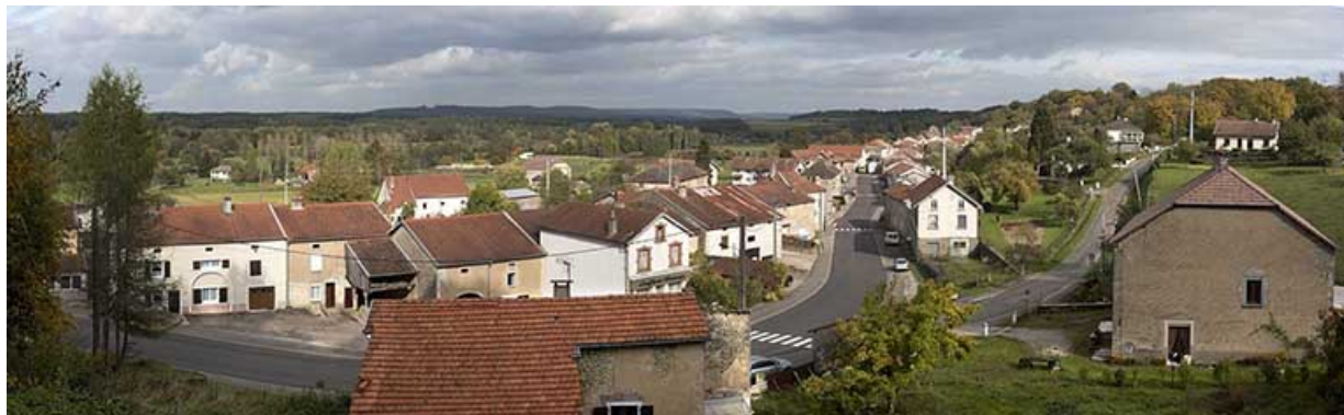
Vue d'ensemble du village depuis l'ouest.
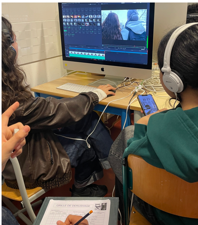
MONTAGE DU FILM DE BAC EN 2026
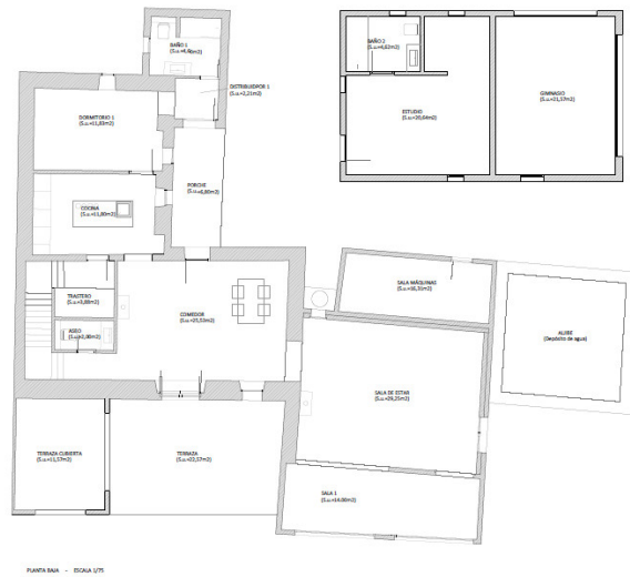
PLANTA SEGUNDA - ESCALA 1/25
---
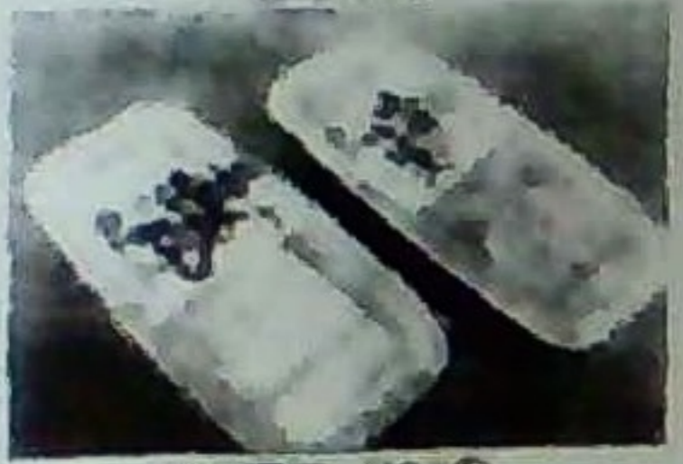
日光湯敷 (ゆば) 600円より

▸ What you will do
Going back to the data above, write out everything from the line with "Vue d'ensemble du village depuis l'ouest." down to the line with "PLANTA SEGUNDA - ESCALA 1/25", both included, leaving every picture out.

▸ Answer space
Vue d'ensemble du village depuis l'ouest.
MONTAGE DU FILM DE BAC EN 2026
PLANTA SEGUNDA - ESCALA 1/25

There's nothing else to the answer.